В последний раз Профессор видел Олесю (уже мало набиралось тех, кто звал ее так, остальные звали скучно — Еленой Константиновной) за несколько лет до отъезда: сухонькая строгая старушка, голубоватая тень лишений на бледных щеках, вместо прежней сказочной косы — седой комочек на затылке. Она хлопотала о воспомоществовании и просила Профессора поддержать ее в какой-то инстанции. «Очень похоже, что прошу подаяния, но, если подадут, не найду сил отказаться», — кажется, так она пошутила, не улыбнувшись. Было время перемен, инстанции разваливались одна за другой, денежные бумажки успевали потерять цену, пока их вынимали из кармана. Профессор соврал Олесе, что договорился в каком-то совете-комитете-департаменте о небольшом пособии, но будет надежнее и удобнее, если деньги будет получать он сам и пересылать ей почтой, — она охотно согласилась (вряд ли, конечно, поверила — похоже, лишь сделала вид)...
2Осенью сорок первого, когда немцы подошли к Москве, Коля Ивлев записался в ополчение, один из немногих записавшихся остался в живых и, не возвращаясь домой, провоевал два с половиной года в пехоте. Встречаясь с ним после войны, Профессор, тогда еще лишь мечтавший, что станет профессором, никак не мог себе представить, что этот Коля Ивлев, на вид всё тот же чахлый юноша с недоумевающим взглядом, неделями не вылезал из окопов, бежал в атаку, спал в снегу, стрелял в людей. Под Сталинградом Ивлева тяжело ранили, на фронт он больше не попал, после госпиталя окончил университет и был оставлен в аспирантуре. Отвоевав свое и доучившись положенное, будущий Профессор тоже оказался в аспирантуре; дела и занятия сводили его с Ивлевым. Поначалу его удивляло, что Олеся, броско талантливая и отменно образованная, в общих беседах и даже в отсутствии Ивлева, упоминая о нем, заметно подчеркивала его превосходство над собой. Профессор поначалу готов был в этом увидеть женскую хитрость или, может быть, странности любви, не поддающиеся логическому объяснению. Но со временем, когда Ивлев стал с ним разговорчивее и заведомо откровеннее, он стал угадывать в нем неожиданный, не присущий, кажется, никому из тех, с кем приходилось общаться, образ мыслей. В разговорах Ивлева вспыхивали имена и названия, которые ему не приходилось прежде слышать, и иные, которые слышать, того более, произносить вслух было рискованно, иногда сокрушающе опасно. Ивлев же произносил их как нечто само собой разумеющееся и необходимое, не понижая голоса, с обычным недоумением в глазах. «Всё, что учили, надо учить з-заново: всё, что з-знаем, надо по-новому п-передумать», — повторял он.

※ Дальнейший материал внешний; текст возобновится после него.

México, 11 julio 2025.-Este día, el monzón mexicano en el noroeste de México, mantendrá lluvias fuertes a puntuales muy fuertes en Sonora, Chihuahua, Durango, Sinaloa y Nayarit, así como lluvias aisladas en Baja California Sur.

3Ивлева арестовали в библиотечной курилке. Он заработался допоздна; в читальном зале лишь на немногих столах горели лампы под зелеными стеклянными абажурами. В курилке и вовсе было пусто. Здесь его нашла давно ему знакомая библиотекарь Галя. Ивлев подивился смятению, может быть, испугу, отраженному на ее лице. Галя сказала, что его просят зайти в отдел выдачи: не могут разобраться с поданным им требованием на книгу. Он затянулся напоследок и бросил папиросу в вонючую, заполненную окурками урну. В небольшой выгородке заведующей отделом выдачи его ждали три человека, одетые в казавшиеся одинаковыми демисезонные пальто и одинаковые серые каракулевые шапки. Один из них достал из нагрудного кармана удостоверение и быстро показал ему. Он, конечно, не стал читать. Всё это — сам человек, и жест, которым он выдернул из кармана книжечку, и то, как он распахнул ее и быстро, не задерживая, провел ею перед лицом Ивлева, — всё это, хоть и увиденное впервые, было знаемо наизусть, как многие органические подробности жизни, при встрече с которыми человек не испытывает ощущения новизны, потому что они как бы изначально присутствуют в его опыте. «Только тихо! — предупредил главный, будто предполагал, что Ивлев начнет кричать караул, биться, крушить мебель. — Только тихо! Поедете с нами. Отдайте нашему сотруднику номерок на пальто, он получит в гардеробе...»
Катился к концу декабрь сорок девятого. Поперек улиц и по стенам домов тянулись гирлянды разноцветных лампочек. И пока везли Ивлева, на всем пути следования, со всех сторон смотрело на него с портретов одно и то же одно-единственное лицо. Страна праздновала семидесятилетие вождя.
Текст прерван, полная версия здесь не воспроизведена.